Continuing through January 17, 2016
I recently interviewed feminist poet Margaret Randall about her friend Elaine de Kooning, the Abstract Expressionist painter and wife of Willem de Kooning. "She didn’t want to be called a woman painter, at the very beginning, in ’69 and ’70 when feminism became part of our discourse,” Randall said. “I don’t think she believed it would be to her advantage to engage in those polemics.”
De Kooning's work does not appear in “Looking Forward Looking Back”, an exhibition of women artists, but her opinions on such matters resurface as I view it. Is there a strong enough narrative here to justify grouping these women together? Shows like this risk replicating the barriers that have kept women artists separated from their male counterparts, rather than exposing or subverting them.
The concurrent exhibition “O'Keeffe In Process” is a strong lead-in to “Looking Forward Looking Back.” It deftly chronicles Georgia O'Keeffe's artistic evolution, from her teen years painting traditional portraits to an iconic late-career cloud canvas. Wandering from the O'Keeffe galleries into a broader survey of historic and contemporary women artists feels like slipping from a tributary into a churning river delta. Here are seminal statements from women artists spanning the 20th century, with contemporary offerings that spiral in intriguing new directions.
Nimble surrealist drawings from the 1920’s by “Mama of Dada” Beatrice Wood occupy the far end of the show’s timeline. A late 1960’s drawing by Eva Hesse and postcards from Eleanor Antin’s monumental 1970’s mail art piece "100 Boots" yank me far away from modernism and towards the fragmented 21st Century. Ana Mendieta’s "Silueta Series" of photographs from the 1970’s and 80’s are the show’s most spine-tingling works. Earthy imprints of Mendieta’s body remind us of her profound contributions to land art, and inevitably, of her suspicious fall from a New York high rise.
Punchy installations by contemporary artists Angela Ellsworth and Ligia Bouton occupy swaths of floor space, playing to the voracious contemporary taste for artworks that are dramatic actors, à la Michael Fried’s “Art and Objecthood.” A handful of other mid-career contemporary artists bring the story to our pluralistic present. It's hard to say whether these artists will land in the history books or vanish into our meta-modern sprawl, but that's part of what makes their stabs at brilliance so exciting.

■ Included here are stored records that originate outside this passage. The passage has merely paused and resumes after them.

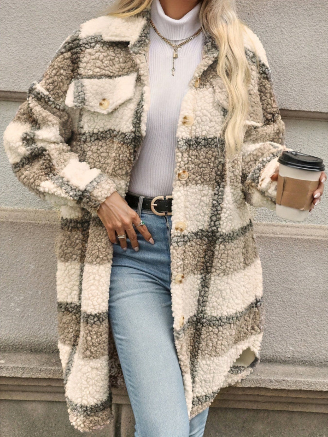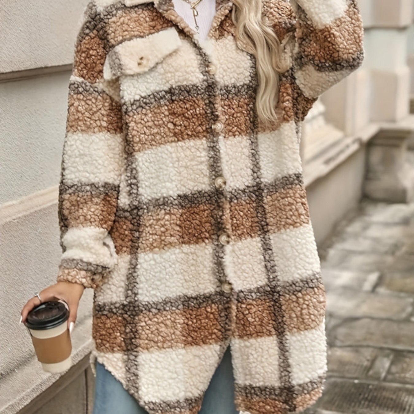 Áo Khoác Nữ Dáng Rộng Kẻ Sọc Y2K Ấm Áp Cổ Điển Mùa Đông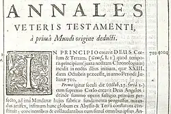 A principal obra de Ussher, os dois volumes de mais de mil páginas em latim Annales Veteris et Novi Testamenti,[6] foi publicada entre 1650-1654. Uma tradução em inglês intitulada The Annals of the World foi publicada pela primeira vez em 1658, dois anos após sua morte. Na época, a cronologia do arcebispo foi amplamente aceita, bem como ainda tem reconhecimento em círculos criacionistas que defendem uma Terra jovem.[7][8][9]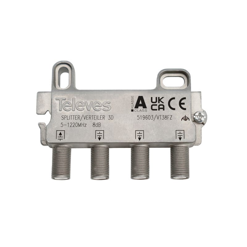 Jaotin kolmeen, 5-1220MHz, 8dB T519603 on jaotin kolmeen F-liittimillä antenni- ja kaapeliTV-verkkoihin. Miniatyyrikokoisten elektronisten komponenttien ansiosta läpimenovaimennus on erittäin pieni ja Zamak-kotelointi takaa hyvän säteilytiiviyden.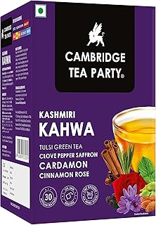 Cambridge Tea Party Kashmiri Kahwa 30 Tea Bags, Saffron Almond Cardamom Clove Pepper Cinnamon Rose Tulsi Green Tea, 75 grams

What would Elaine de Kooning, who was also a great art critic, think of this scrappy exhibition? I have a hunch that, like me, she’d wish the museum’s walls could fan out like accordions. “Looking Forward, Looking Back” examines so many influential artists, but they often seem remote from their larger contexts. Use this show as a crossroads, with each piece representing an important (and often woefully under-examined) path through art history. Many of these women deserve a show akin to “O’Keeffe in Process”, and some have gotten one.